Emma (2009 TV serial)
|Written by||Jane Austen (novel)
|Directed by||Jim O'Hanlon|
Jonny Lee Miller
|Country of origin||United Kingdom|
|No. of episodes||4|
|Executive producer(s)||Phillippa Giles|
|Original network||BBC One|
|Picture format||576i SDTV|
|Original release||4 – 25 October 2009|
Emma is a four-part BBC television drama serial adaptation of Jane Austen's novel Emma, first published in 1815. The episodes were written by Sandy Welch, acclaimed writer of previous BBC costume-dramas Jane Eyre and North & South, and directed by Jim O'Hanlon. The serial stars Romola Garai as the titular heroine Emma Woodhouse, Jonny Lee Miller as her loyal lifelong friend Mr. Knightley and Michael Gambon as Emma's father, Mr. Woodhouse. The serial originally ran weekly on Sunday nights on BBC One from the 4 to 25 October 2009.
For an in-depth account of the plot, see main article: Emma (novel)
Austen's classic comic novel follows the story of the "handsome, clever and rich" Emma Woodhouse. Dominating the small provincial world of Highbury, Emma believes she is a skilled matchmaker and repeatedly attempts to pair up her friends and acquaintances. Nothing delights her more than meddling in the love lives of others. But when she takes protege Harriet Smith under her wing, her interference has a detrimental effect.

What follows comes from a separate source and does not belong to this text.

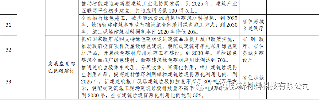 (十八)發(fā)展應(yīng)用綠色低碳建材。推行綠色建材認(rèn)證,重點(diǎn)推廣高性能混凝土、高強(qiáng)鋼筋、高效保溫材料、節(jié)能中空門窗、結(jié)構(gòu)保溫一體化墻板等技術(shù)產(chǎn)品。抓好國家政府采購支持綠色建材促進(jìn)建筑品質(zhì)提升城市政策實(shí)施,推動(dòng)政府投資項(xiàng)目及星級(jí)綠色建筑、裝配式建筑等率先采用綠色建材產(chǎn)品,開展綠色建材應(yīng)用示范工程建設(shè),到2030年,星級(jí)綠色建筑全面推廣綠色建材,新建建筑綠色建材應(yīng)用比例達(dá)到70%。大力發(fā)展性能優(yōu)良的預(yù)制構(gòu)件和部品,加大通用尺寸預(yù)制構(gòu)件和部品生產(chǎn)應(yīng)用,提高智能化、標(biāo)準(zhǔn)化水平。推進(jìn)建筑垃圾集中處理、分類收集、資源化利用,推廣建筑垃圾再生利用產(chǎn)品,提高建材循環(huán)利用率和建筑垃圾資源化利用比例,到2025年,新建建筑施工現(xiàn)場(chǎng)建筑垃圾排放量不高于300噸/萬平方米,裝配式建筑施工現(xiàn)場(chǎng)建筑垃圾排放量不高于200噸/萬平方米;到2030年,全省建筑垃圾資源化利用比例達(dá)到55%。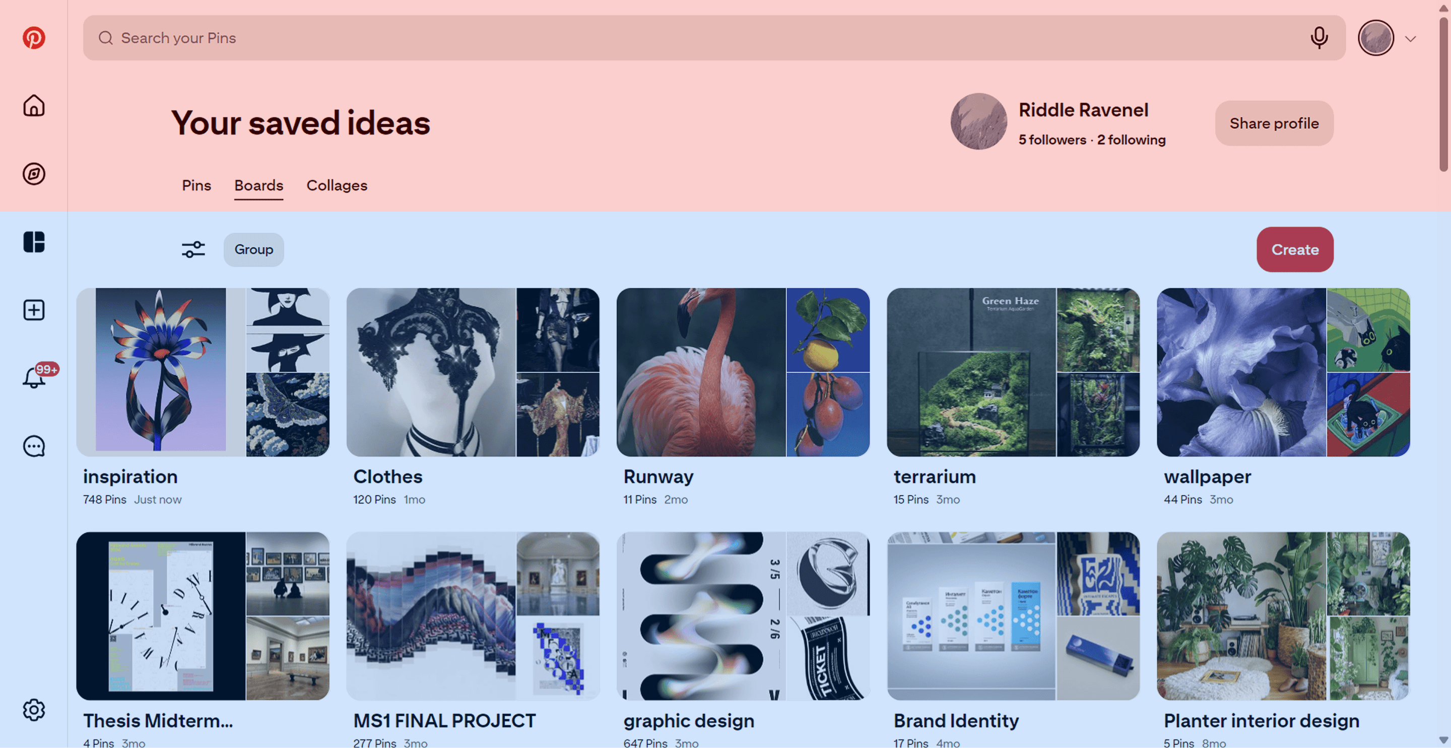 To determine how to structure this unfamiliar hierarchy, I inspired by Pinterest and LinkedIn.

Brought up sharply against the folly of her own immaturity, the consequent crisis and her bitter regrets are brought to a happy resolution in a sharp and sparkling comedy of self-deceit and self-discovery.
Cast and Characters
- Romola Garai as Emma Woodhouse: In Austen's opening lines of the novel: "Emma Woodhouse, handsome, clever, and rich, with a comfortable home and happy disposition, seemed to unite some of the best blessings of existence; and had lived nearly twenty-one years in the world with very little to distress or vex her." Emma has no need to marry, being head of her own household, and having plenty of money, but she delights in matchmaking those around her — and credits herself with being very good at it, despite Mr Knightley's scepticism.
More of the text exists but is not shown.